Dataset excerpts
+++

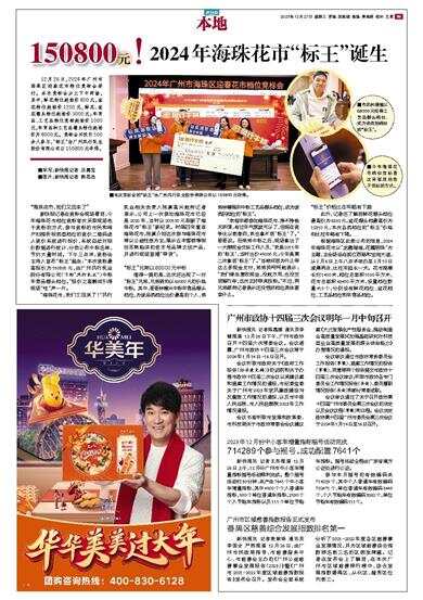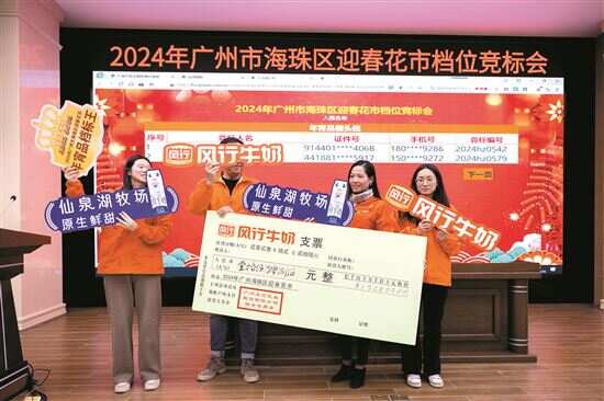 12月26日,2024年广州市海珠区迎春花市档位竞标会举行。本次竞标会分上下午两场,其中,鲜花档位起拍价800元,盆花档位起拍价1200元,鲜花、盆花棚头档位起拍价3000元;年宵品、工艺品档位竞标起拍价1000元,年宵品和工艺品棚头档位起拍价为8000元。竞标会共吸引500余人参与,“标王”由广州风行乳业股份有限公司以150800元夺得。
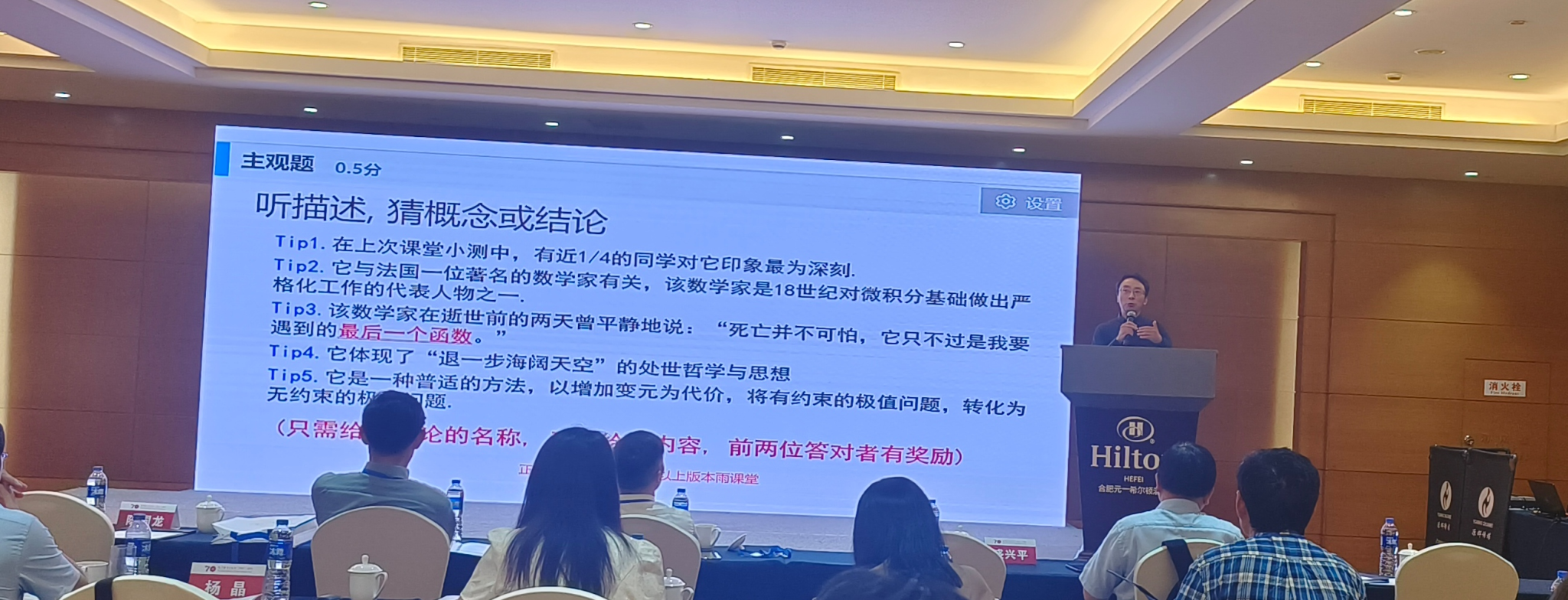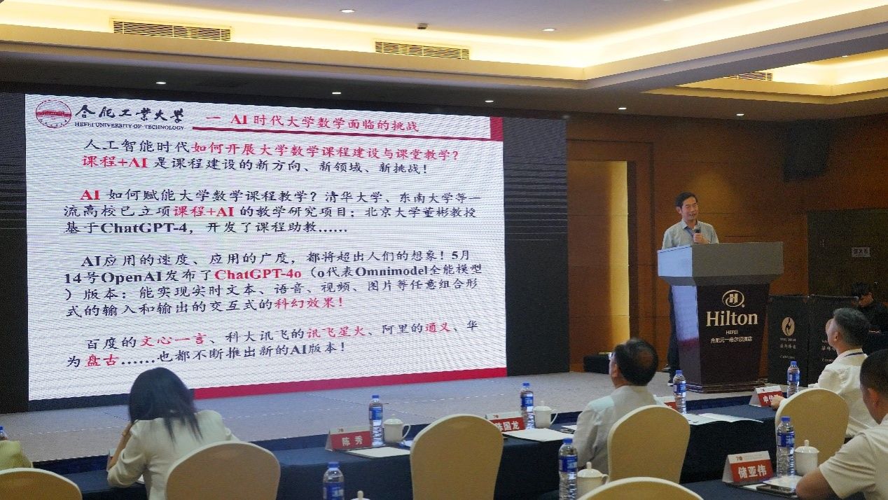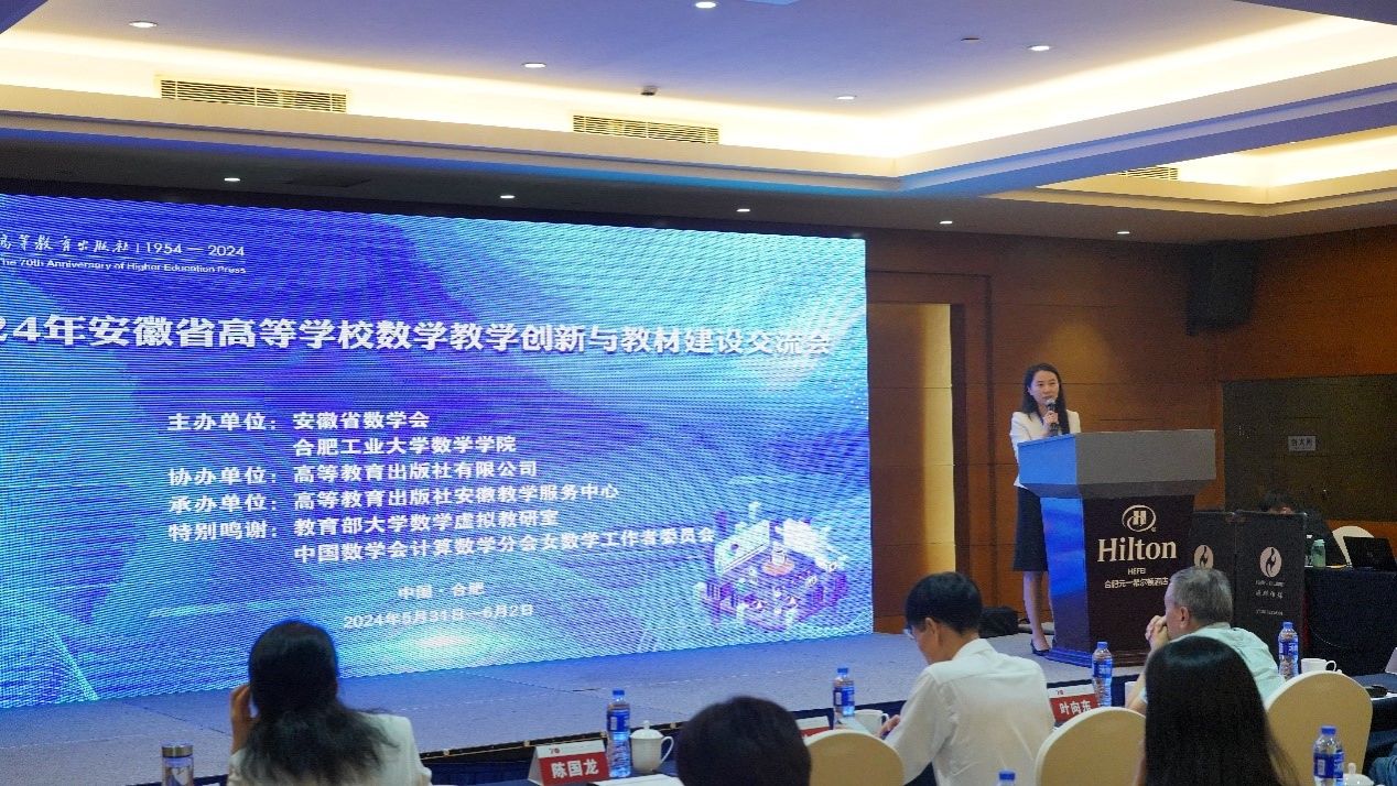 中国科学技术大学程艺教授、国防科技大学朱健民教授、西北工业大学张莹教授、合肥工业大学朱士信教授、阜阳师范大学储亚伟教授、清华大学杨晶副教授、高等教育出版社朱槿编辑分别以“一流课程建设的思考与实践”、“如何加强大学数学课程建设与虚拟教研室的深度融合”、“数智化背景下微积分课程的改革与创新”、“AI时代的大学数学教材建设的探索与实践”、“基于知识图谱的课程优化与智慧教学”、“数学基础课中融入四维式课程思政的实践与探索” 和“创新驱动 构建高质量教材体系”为题做了分享报告。
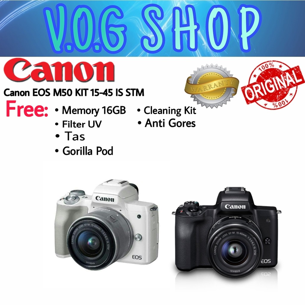 Canon Eos M50 Kit 15 45mm Is Stm Wifi Original Paket Bonus Lengkap Kamera Youtubers Vlog Shopee Indonesia
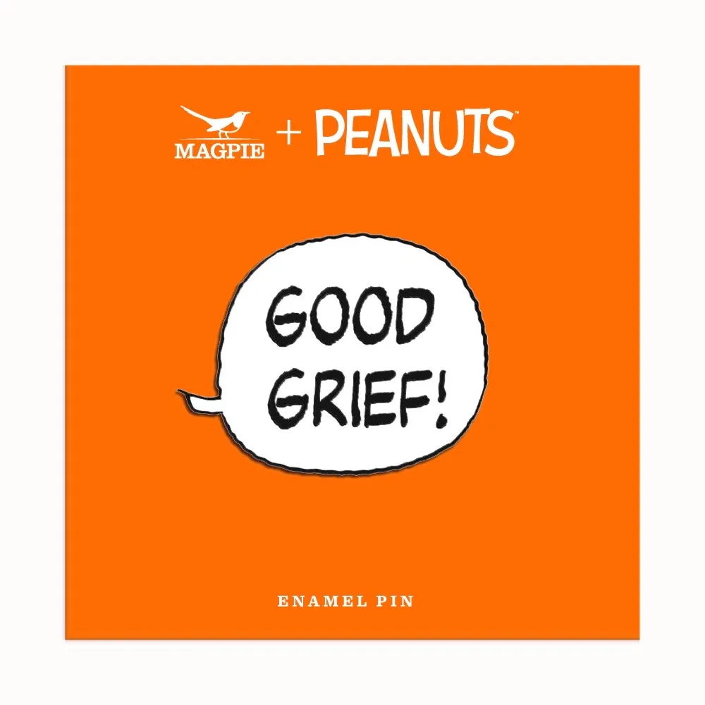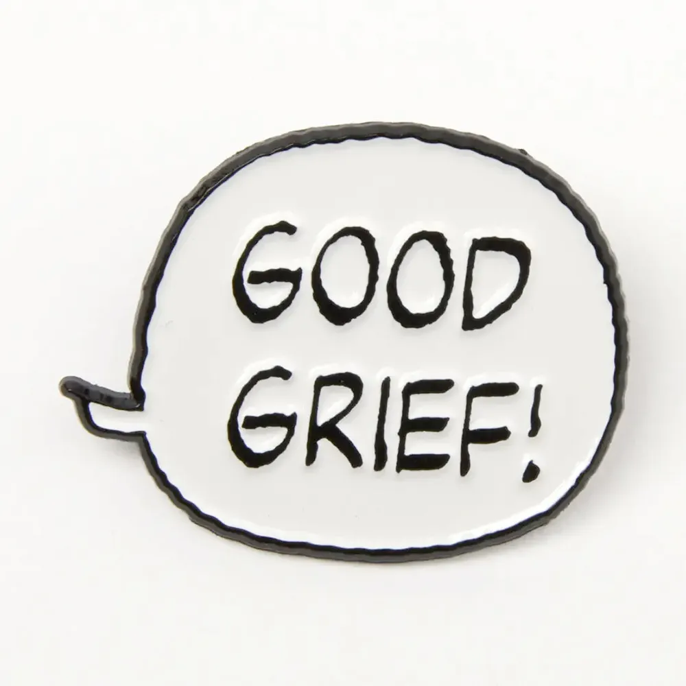 Peanuts good grief speech bubble metal and enamel pin badge. Images show product larger than actual size.
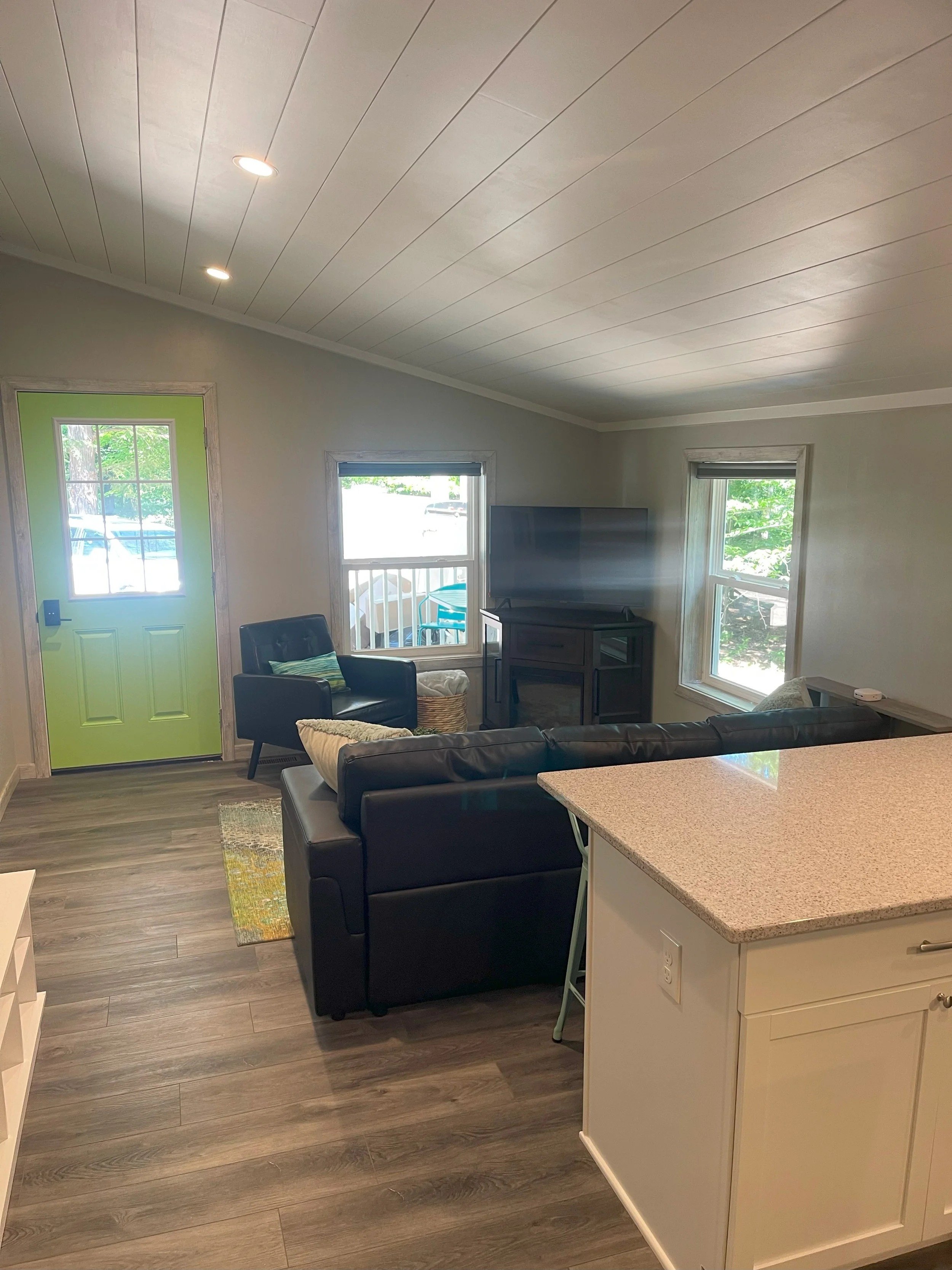 All our beds are brand new memory foam mattresses.(Nectar Kings & Serta Twins) Our bunk room has a King size main bed, Twin Bunk & another Twin trundle you can slide out to sleep more cubs. Our couch also has a slide out for sleeping/bed size space too! Both bedrooms feature smart TV’s and end tables with plugs & usb plugs for easy charging of your devices. Both bedrooms also have tall hanging bars for dresses/trains/etc.

+++

Within the data above, repeat exactly the lines from the one bearing "Canon Eos M50" through the one bearing "Peanuts good grief". Include no pictures and nothing else.

 Canon Eos M50 Kit 15 45mm Is Stm Wifi Original Paket Bonus Lengkap Kamera Youtubers Vlog Shopee Indonesia
 Peanuts good grief speech bubble metal and enamel pin badge. Images show product larger than actual size.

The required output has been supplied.